Mengapa Palyja menerapkan teknologi MBBR? Hal ini dilatarbelakangi oleh kapasitas air baku yang cenderung menurun, terutama yang bersumber di Jakarta. Sungai di Jakarta semakin dangkal dan kadar polutannya semakin tinggi sehingga makin sulit dan makin mahal jika diolah dengan teknologi konvensional. Berdasarkan studi PAM Jaya, ketahanan air di Jakarta berkisar tiga persen sehingga terjadi defisit air bersih berkisar 9100 liter per detik. Selain tantangan pengolahan air baku, tantangan lainnya adalah permasalahan kehilangan air (non revenue water) dan intrusi air laut dikarenakan penggunaan air tanah secara berlebihan.
Melihat Proses Pengolahan Air dengan MBPR di IPA Cilandak
Seperti halnya kompleks IPA 1 Palyja di Pejompongan, memasuki IPA di Cilandak, Jakarta Selatan kompasianer disambut dengan pepohonan rindang yang kontras dengan padatnya perkantoran di kawasan Simatupang. Mata rasanya langsung nyaman melihat banyaknya pepohonan rindang.
Selamat Datang di IPA Palyja Cilandak
IPA Cilandak ini menempati area seluas 95.367 meter persegi dan diresmikan oleh Gubernur Ali Sadikin pada tahun 1977. Hingga tahun 1998, kapasitas produksi IPA Cilandak sebesar 200 liter per detik. Dengan adanya
plant UCD 720 (
Unit Compact Degreemont) atau yang biasa disebut
plant baru maka kapasitas produksinya bertambah hingga total mencapai 400 liter per detik. Saat ini IPA Cilandak beroperasi 24 jam non stop untuk melayani kebutuhan pelanggan di kawasan Jakarta Selatan, yaitu sepanjang jalan TB Simatupang, Mampang, Kemang hingga Tebet Pancoran.
Pak Rizky Darmadi, Kepala IPA Cilandak sibuk meladeni pertanyaan kompasianer
Sambil melihat proses, kompasianer aktif bertanya
Air baku IPA Cilandak berasal dari Kali Krukut. Saat saya melihat wujud sungai yang berada di bagian belakang, saya menghela nafas. Airnya cokelat, nampak dangkal karena sedimentasi tinggi, dan penampang sungainya tidak terlalu lebar.
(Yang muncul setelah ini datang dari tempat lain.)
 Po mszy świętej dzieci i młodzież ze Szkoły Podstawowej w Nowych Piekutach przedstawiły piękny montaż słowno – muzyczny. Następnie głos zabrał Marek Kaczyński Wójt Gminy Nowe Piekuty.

Sungai ini selain berpolutan juga mengangkut sampah. “Sampah dari Kali Krukut ini sekitar enam kubik per hari,” ujar Pak Rizky Darmadi, Kepala IPA Cilandak. Bahkan saat banjir, lanjut ia, pernah dijumpai bangkai hewan.
Kali Krukut yang cokelat dan kaya polutan
IPA Cilandak ini sebenarnya didesain untuk mengolah air baku secara konvensional. Namun jika tetap menggunakan cara konvensional maka akan sulit untuk mengolah air baku berpolutan tinggi, khususnya amonium dari limbah domestik, karena sifat unsur tersebut yang larut dalam air. Oleh karena kandungan polutan Kali Krukut yang semakin tinggi pada tahun 2015 maka kapasitas produksi IPA Cilandak diturunkan hingga 50 persen. Namun, setelah mengadopsi teknologi MBBR sejak awal 2016, maka kapasitas produksinya perlahan-lahan kembali normal. Hingga bulan Desember proyek teknologi MBBR di Cilandak mencapai 95 persen.
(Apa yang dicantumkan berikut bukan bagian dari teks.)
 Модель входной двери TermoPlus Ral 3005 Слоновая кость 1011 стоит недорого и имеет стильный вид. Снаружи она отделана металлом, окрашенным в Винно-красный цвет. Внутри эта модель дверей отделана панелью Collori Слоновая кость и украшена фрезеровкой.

Rumah mikroorganisme alami
Air baku dari Kali Krukut ini sebelum diolah dilakukan proses
screening sampah secara otomatis dan manual. Setelah itu baru dilakukan proses prasedimentasi satu dan dua. Teknologi yang memanfaatkan mikroorganisme alami bekerja di proses prasedimentasi untuk mereduksi kadar konsentrasi polutan terutama amonium hingga 70 persen.
Kompasianer melihat-lihat proses pengolahan air di plant baru
Di sini kami diajak melihat area MBBR. MBBR yang terbuat dari plastik merupakan rumah bagi bakteri alami. Sebenarnya selama ini bakteri ini ada di dalam, namun sekedar numpang lewat karena mati terkena klorin, jelas Pak Rizky. Dengan adanya rumah tinggal ini bakteri yang bekerja memakan polutan hanya perlu diberi asupan oksigen terlarut sebesar 5 mg/L dari sistem aerasi yang menggunakan
blower. Dari hasil uji coba laboratorium, kadar deterjen amonium dan mangan telah berkurang sekitar 70 persen.